What to work on
Emit the data below verbatim, stripping out any pictures.

Stored data

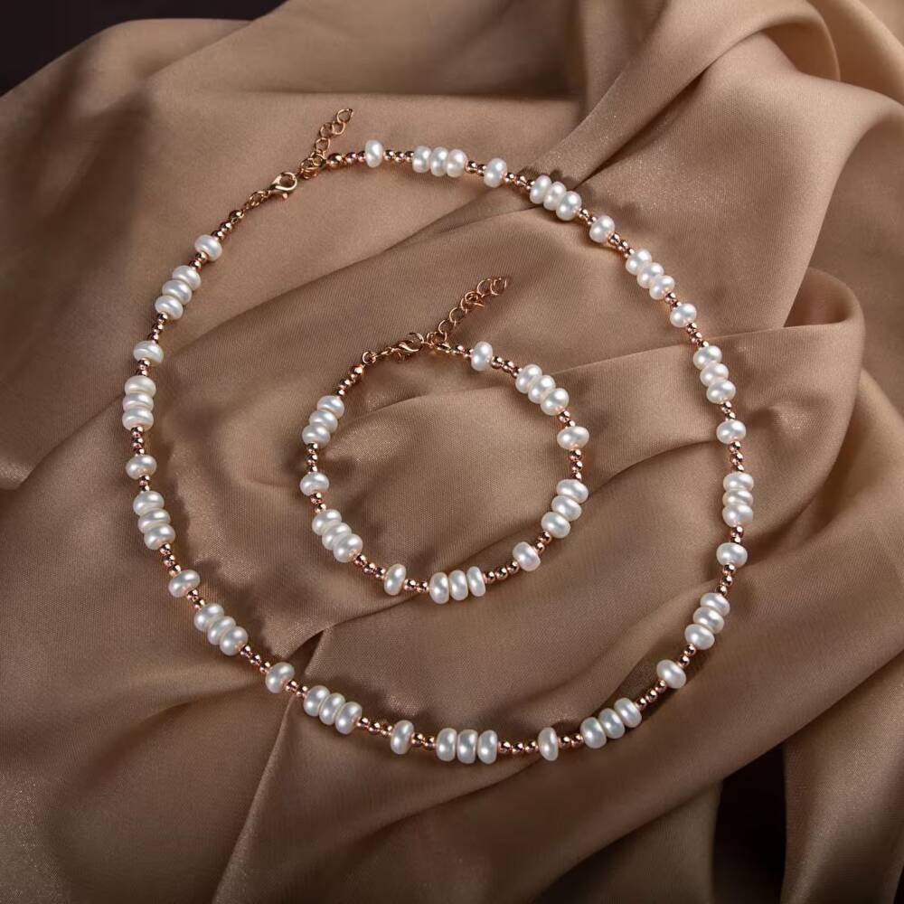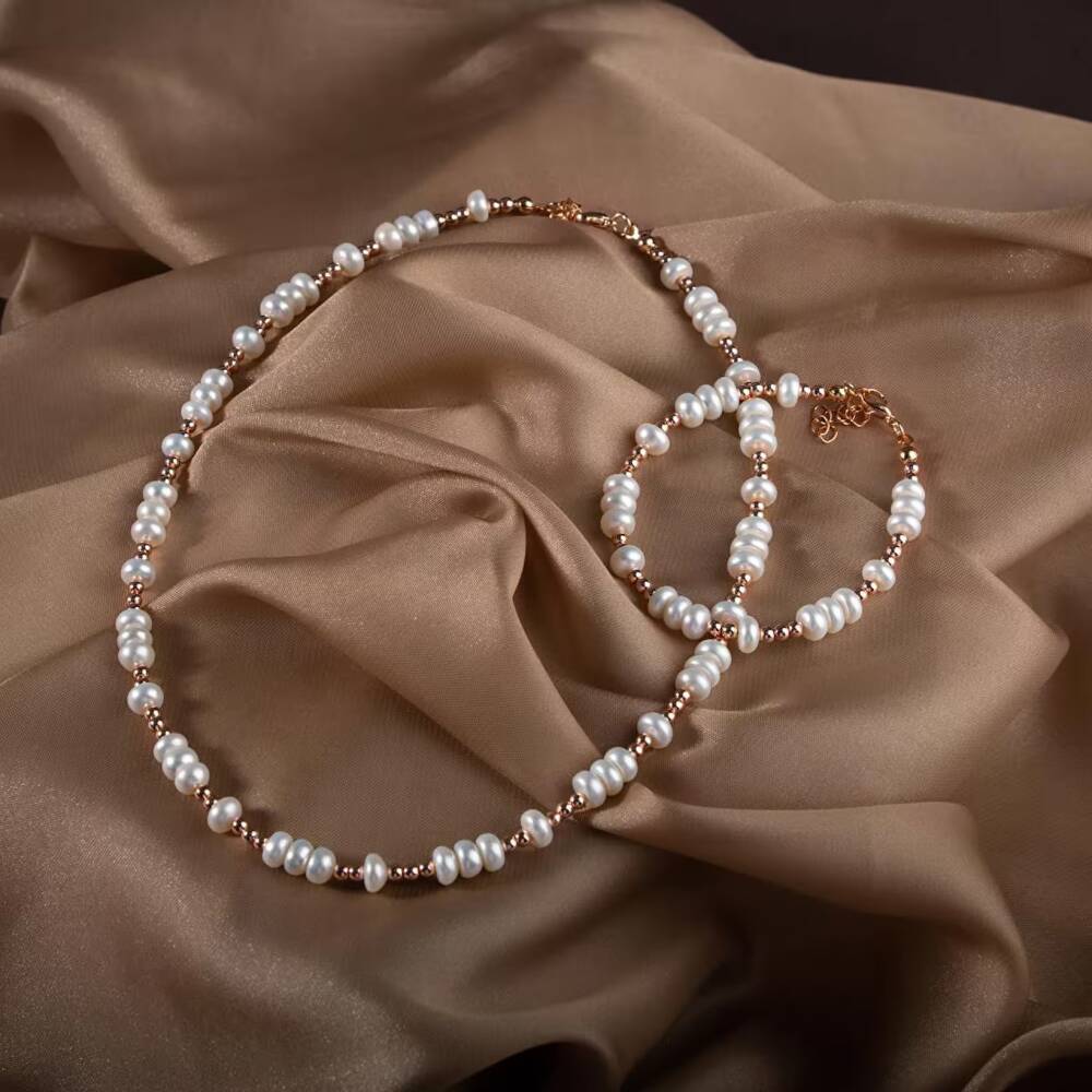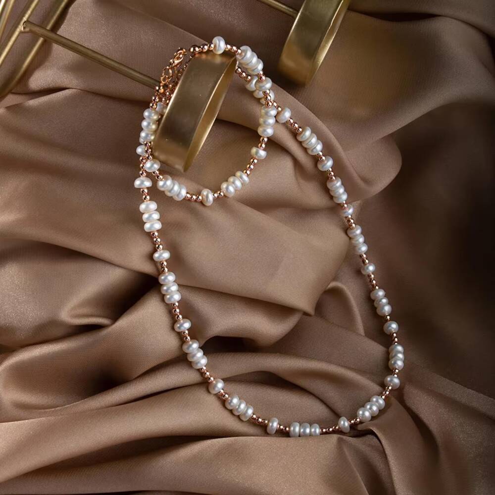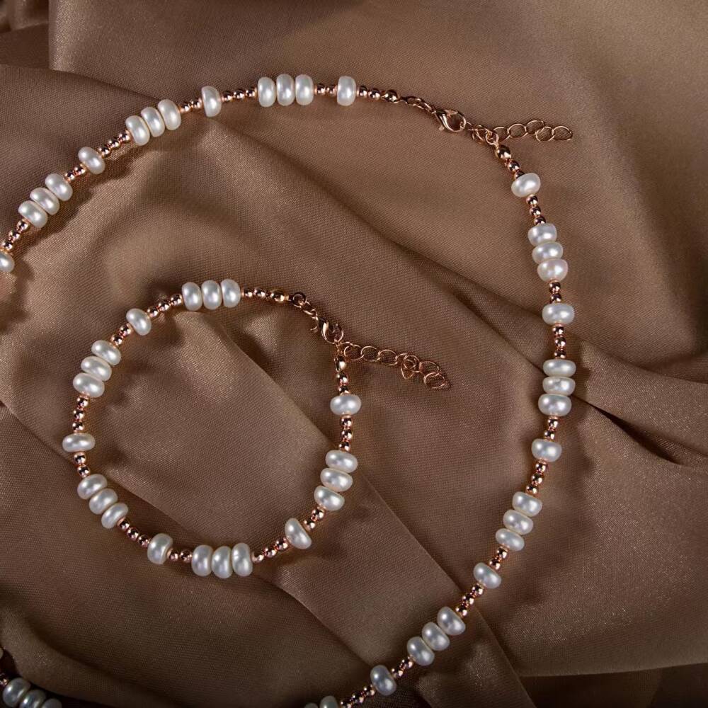 İnci-Hematit Doğal Taş Gümüş Takı Seti
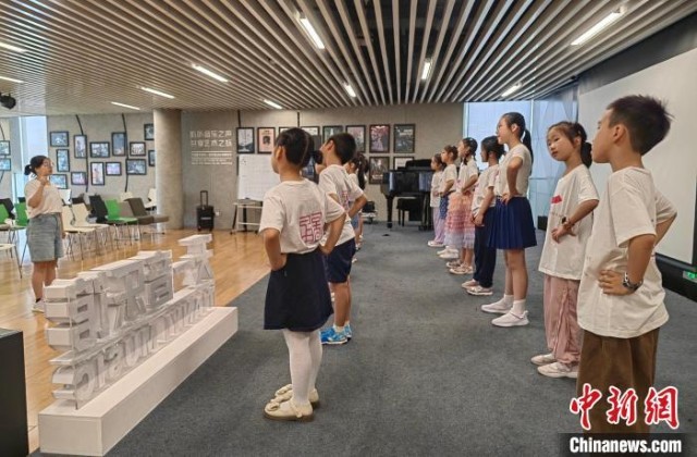 寧波圖書館的“天一童藝”公益項(xiàng)目現(xiàn)場,孩子們跟著老師學(xué)唱由《千字文》改編的歌曲。 中新網(wǎng)記者 應(yīng)妮 攝
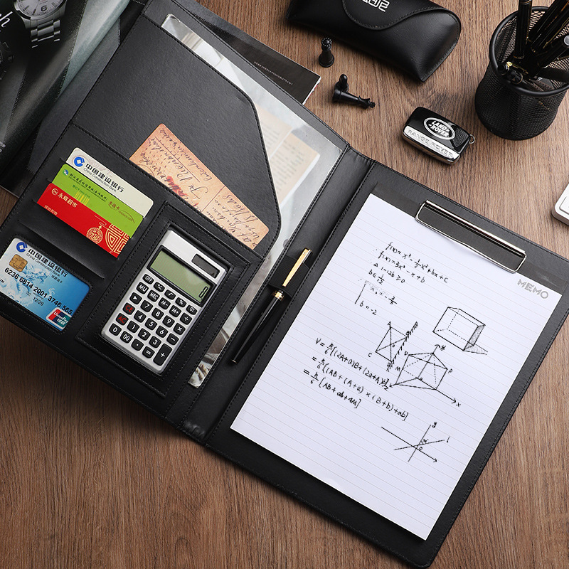 A4多功能文件夹带计算器商务办公谈单夹皮革经理夹量房本可加logo
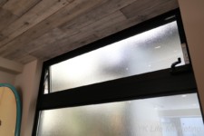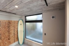 リビングの天井高は約4mの吹き抜けのある勾配天井となっており、床まで伸びた大きな窓とあいまって、明るく開放的な空間が広がります。この天井にはシーリングファンが装備されていますので逗子の自然の風を感じて快適に過ごしていただけます。

The answer
 İnci-Hematit Doğal Taş Gümüş Takı Seti
 寧波圖書館的“天一童藝”公益項(xiàng)目現(xiàn)場,孩子們跟著老師學(xué)唱由《千字文》改編的歌曲。 中新網(wǎng)記者 應(yīng)妮 攝
 A4多功能文件夹带计算器商务办公谈单夹皮革经理夹量房本可加logo
 リビングの天井高は約4mの吹き抜けのある勾配天井となっており、床まで伸びた大きな窓とあいまって、明るく開放的な空間が広がります。この天井にはシーリングファンが装備されていますので逗子の自然の風を感じて快適に過ごしていただけます。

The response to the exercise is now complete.